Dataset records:

□ □ □ □

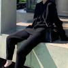 Women's Cozy Hooded Sweater & Knitted Carrot Pants Set - Ideal for Autumn/Winter
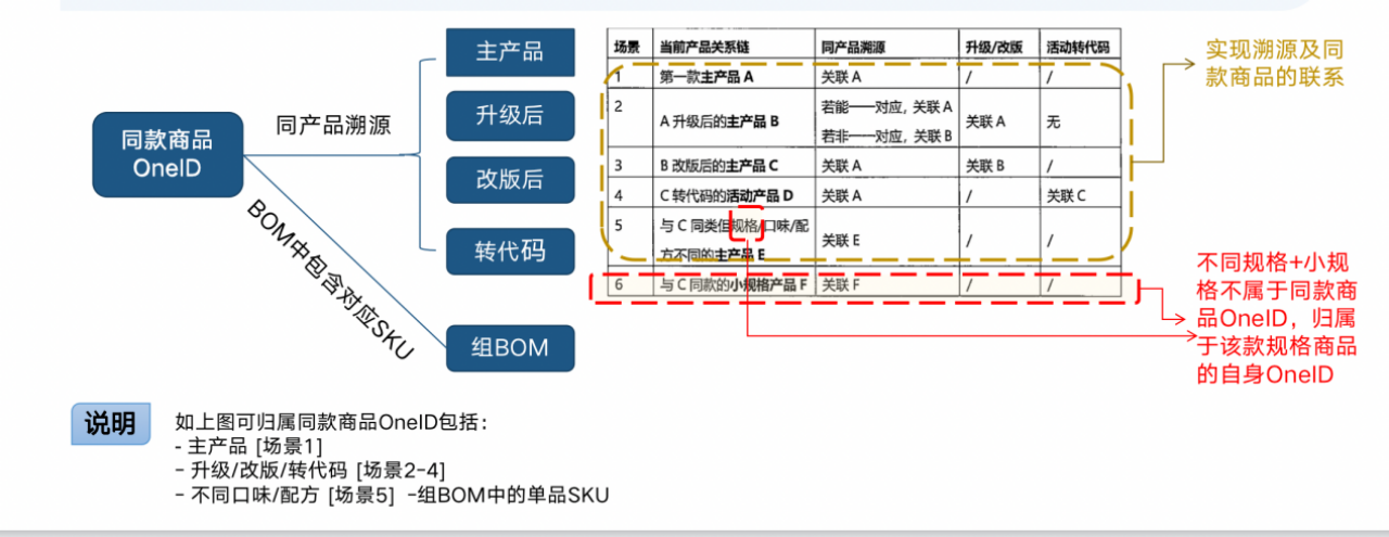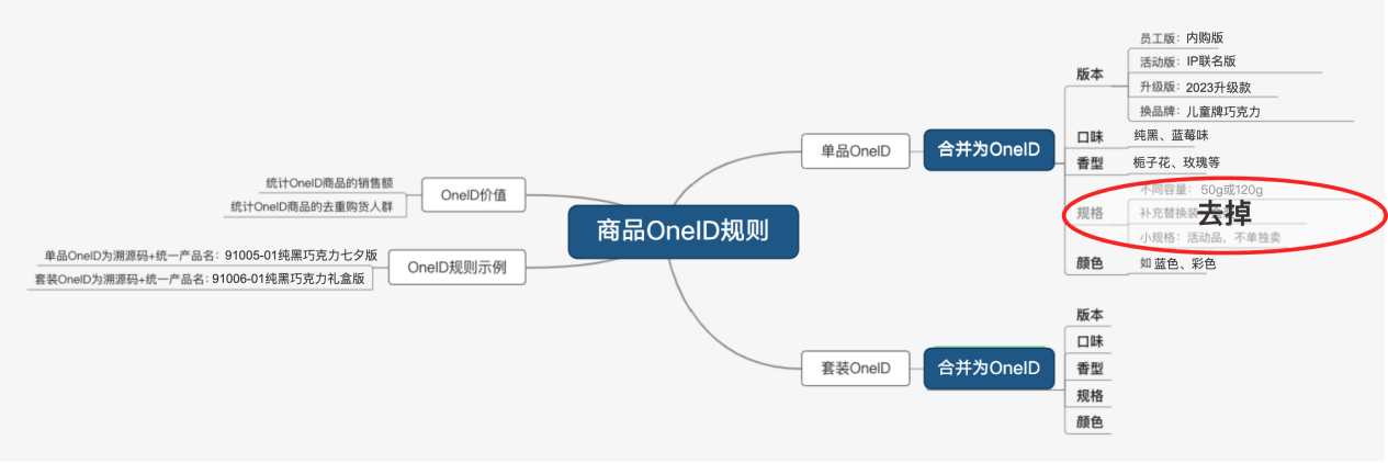 作为独立OneID体系,根据版本/口味/香型/颜色四个大类做OneID归属。
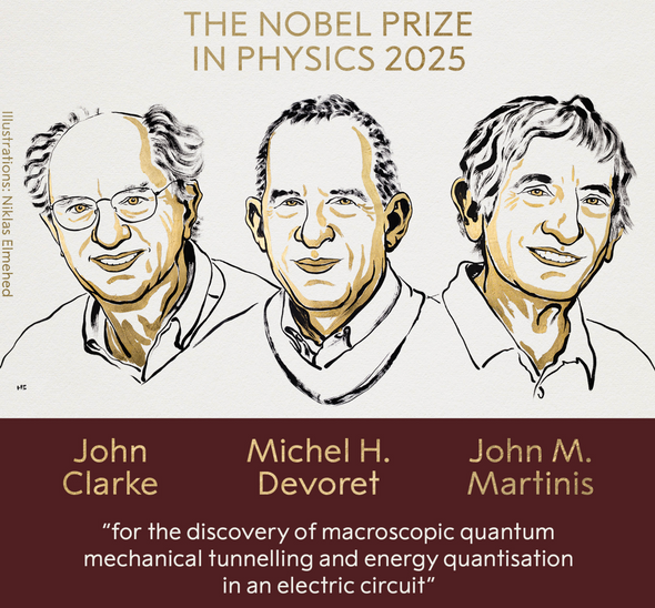 Лауреатами Нобелевской премии по физике 2025 года стали Джон Кларк, Мишель Деворе и Джон Мартинис за достижения в квантовой механике
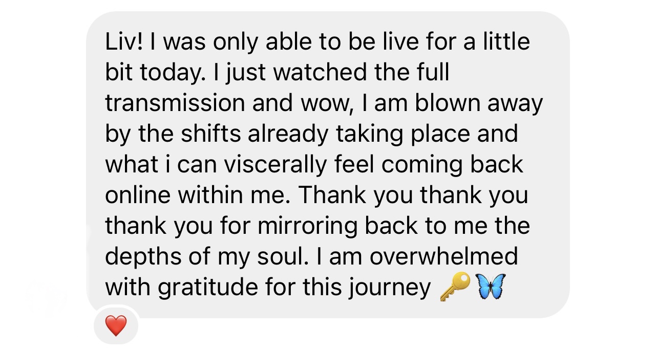 We are here to break open, break free and do the deepest healing work of our lives together. You are the content, and I am here to provide you with the steps, reference points + hold the space for your complete rebirth into who you really are through FULLY releasing all that you are not. I have seen miracles happen in one day, in one week, and I teach based on what is present for you and what I am being called to as the week unfolds.
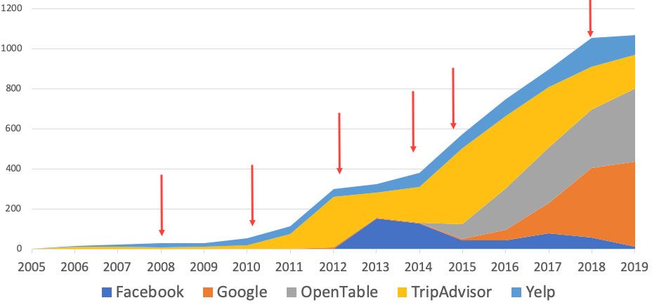 - 2015 - Google enters the scene and starts to see high growth.(2) Both Google and Open Table start to take off, largely impacting TripAdvisor, which had somewhat rebounded from the Facebook effect.
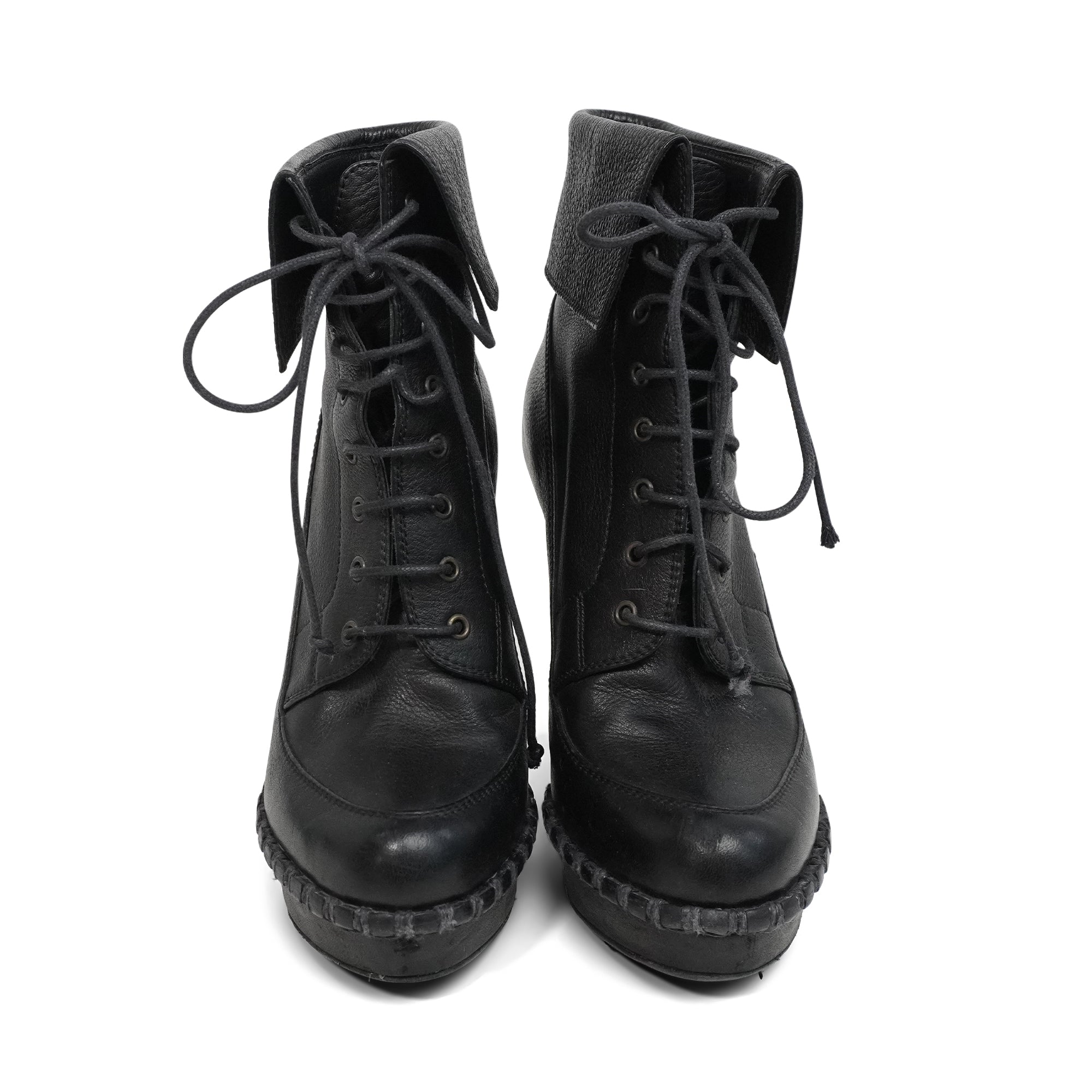 Yves Saint Laurent ankle booties in black leather with a lace up front, a fold-over ankle, and a platform sole. Features a braided stitch detail along the front sole.
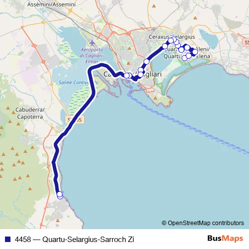 The first stop of the 4458 bus route is Fermata di Quartu V.Le Colombo-EX Municipio (Quartu Sant'Elena) and the last stop is Fermata di Sarroch Z.I. Enichem. 4458 (Quartu-Selargius-Sarroch Zi) is operational during nei giorni feriali.
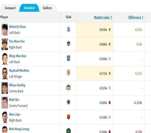 中超联赛港台球员身价榜:周定洋100万欧居首,陈晋一次席
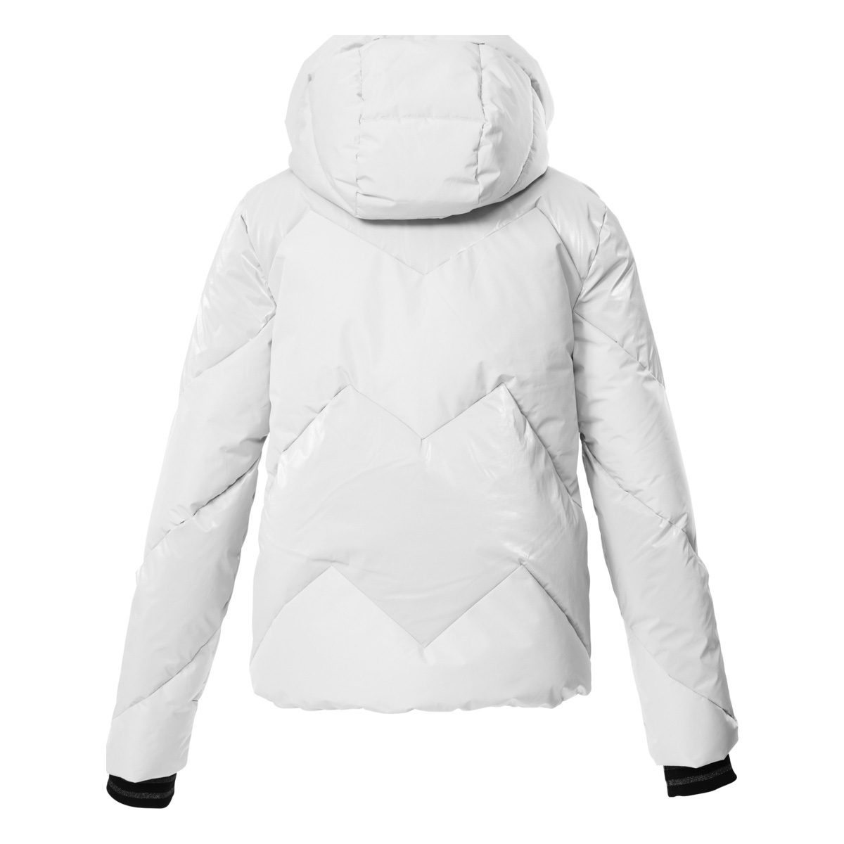 Hit the slopes in style with the killtec women’s ski jacket. The elaborate quilting and matt-gloss look characterize this jacket. It is windproof and water-repellent with a water column of 10,000 mm. Soft fleece at the back and in the hood provides additional warmth. The jacket is equipped with a rubberized, non-slip snow skirt and an adjustable hood. Numerous pockets offer plenty of storage space for your ski pass, ski goggles, cell phone, etc. There are comfortable knitted cuffs at the sleeve ends to prevent wind and cold from penetrating the sleeves. The front zipper is equipped with a practical chin guard. This jacket has been impregnated without PFAs and is partly made from recycled material.
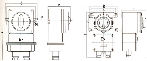 ● 内装转换开关,用于电流60A以下的电气线路中,作为电源引入开关,并可控制电动机起动、变速、停止、换向等。
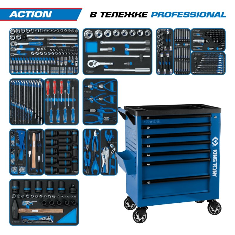 Набор инструментов 327 предметов, "ACTION", в синей тележке KING TONY 9G38-327MRVB купить в Перми цена ✅ - Все для СТО
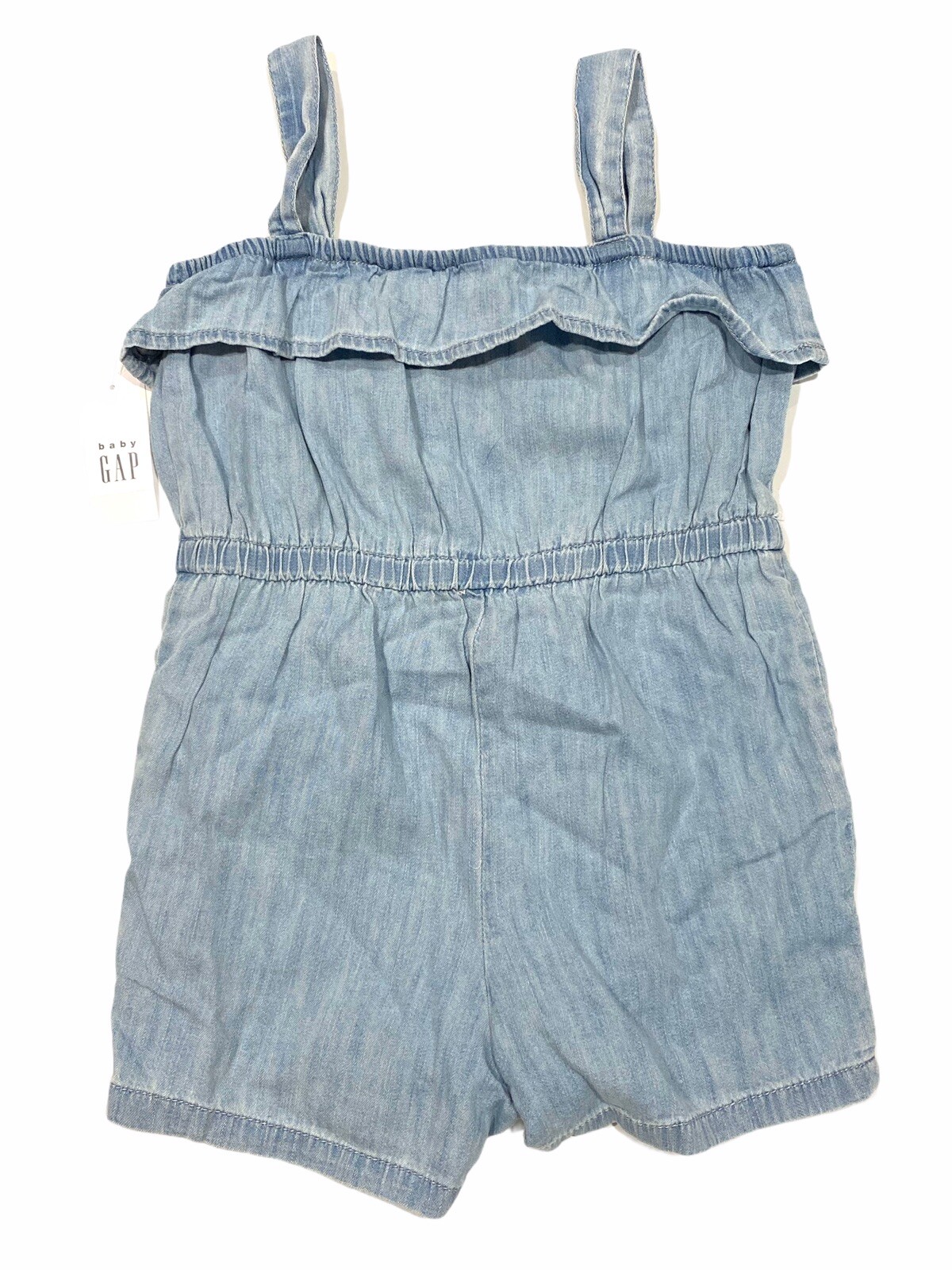 NWT GAP Baby Girl Romper 3T-4T-5T Light Blue Pockets Ruffle Elastic Waist 54445
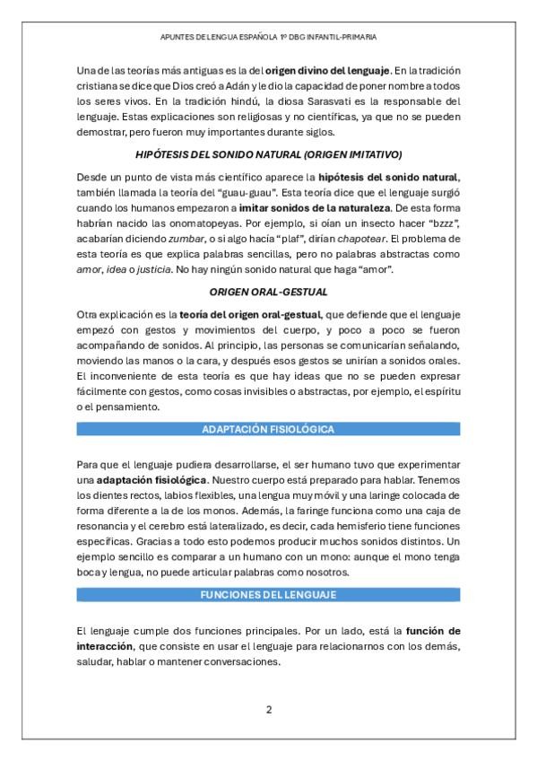 Apuntes completos de la asignatura de Lengua Española de 1º DEL DBG EI-EP
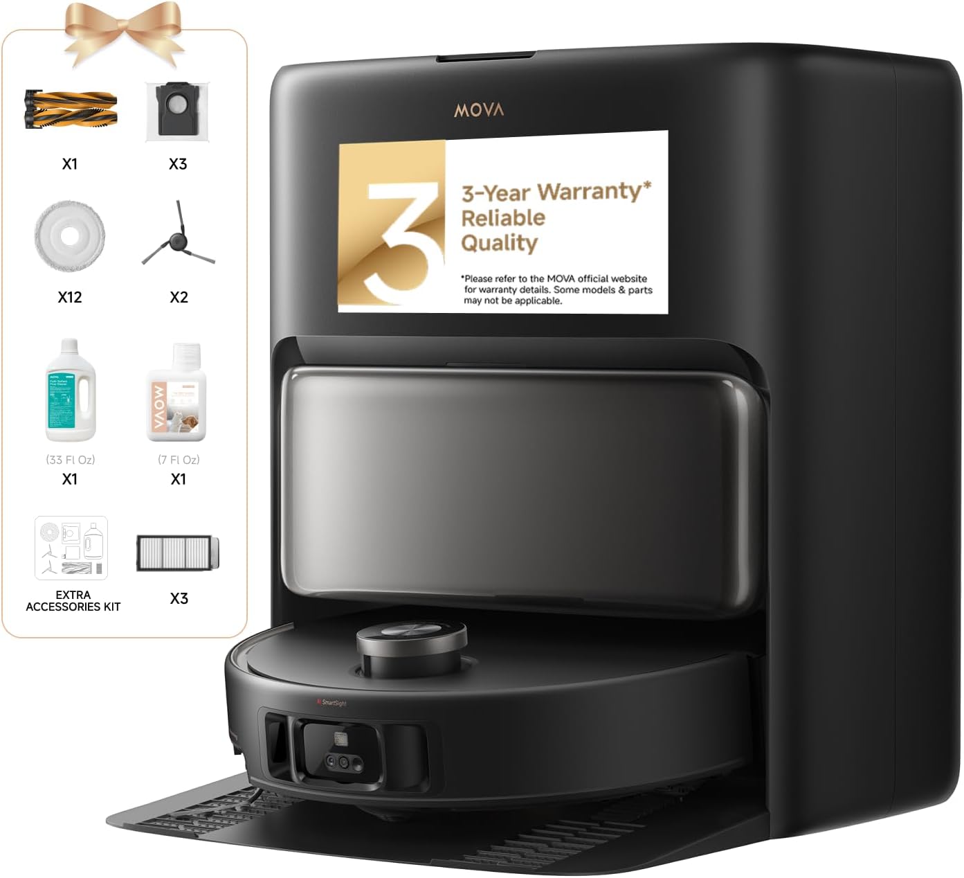 Mova V50 Ultra Complete Robot Vacuum and Mop Self-Cleaning, 24,000 Pa Suction, Liftable Navigation with Obstacle Overcoming and Warm Water Mopping with DuoSolution System Designed for Pets, Black

□ □ □ □

Since the copy must exclude the pictures, transcribe only the text of the records, word for word.

### Task answer:
 Women's Cozy Hooded Sweater & Knitted Carrot Pants Set - Ideal for Autumn/Winter
 作为独立OneID体系,根据版本/口味/香型/颜色四个大类做OneID归属。
 Лауреатами Нобелевской премии по физике 2025 года стали Джон Кларк, Мишель Деворе и Джон Мартинис за достижения в квантовой механике
 We are here to break open, break free and do the deepest healing work of our lives together. You are the content, and I am here to provide you with the steps, reference points + hold the space for your complete rebirth into who you really are through FULLY releasing all that you are not. I have seen miracles happen in one day, in one week, and I teach based on what is present for you and what I am being called to as the week unfolds.
 - 2015 - Google enters the scene and starts to see high growth.(2) Both Google and Open Table start to take off, largely impacting TripAdvisor, which had somewhat rebounded from the Facebook effect.
 Yves Saint Laurent ankle booties in black leather with a lace up front, a fold-over ankle, and a platform sole. Features a braided stitch detail along the front sole.
 The first stop of the 4458 bus route is Fermata di Quartu V.Le Colombo-EX Municipio (Quartu Sant'Elena) and the last stop is Fermata di Sarroch Z.I. Enichem. 4458 (Quartu-Selargius-Sarroch Zi) is operational during nei giorni feriali.
 中超联赛港台球员身价榜:周定洋100万欧居首,陈晋一次席
 Hit the slopes in style with the killtec women’s ski jacket. The elaborate quilting and matt-gloss look characterize this jacket. It is windproof and water-repellent with a water column of 10,000 mm. Soft fleece at the back and in the hood provides additional warmth. The jacket is equipped with a rubberized, non-slip snow skirt and an adjustable hood. Numerous pockets offer plenty of storage space for your ski pass, ski goggles, cell phone, etc. There are comfortable knitted cuffs at the sleeve ends to prevent wind and cold from penetrating the sleeves. The front zipper is equipped with a practical chin guard. This jacket has been impregnated without PFAs and is partly made from recycled material.
 ● 内装转换开关,用于电流60A以下的电气线路中,作为电源引入开关,并可控制电动机起动、变速、停止、换向等。
 Набор инструментов 327 предметов, "ACTION", в синей тележке KING TONY 9G38-327MRVB купить в Перми цена ✅ - Все для СТО
 NWT GAP Baby Girl Romper 3T-4T-5T Light Blue Pockets Ruffle Elastic Waist 54445
 Apuntes completos de la asignatura de Lengua Española de 1º DEL DBG EI-EP
 Mova V50 Ultra Complete Robot Vacuum and Mop Self-Cleaning, 24,000 Pa Suction, Liftable Navigation with Obstacle Overcoming and Warm Water Mopping with DuoSolution System Designed for Pets, Black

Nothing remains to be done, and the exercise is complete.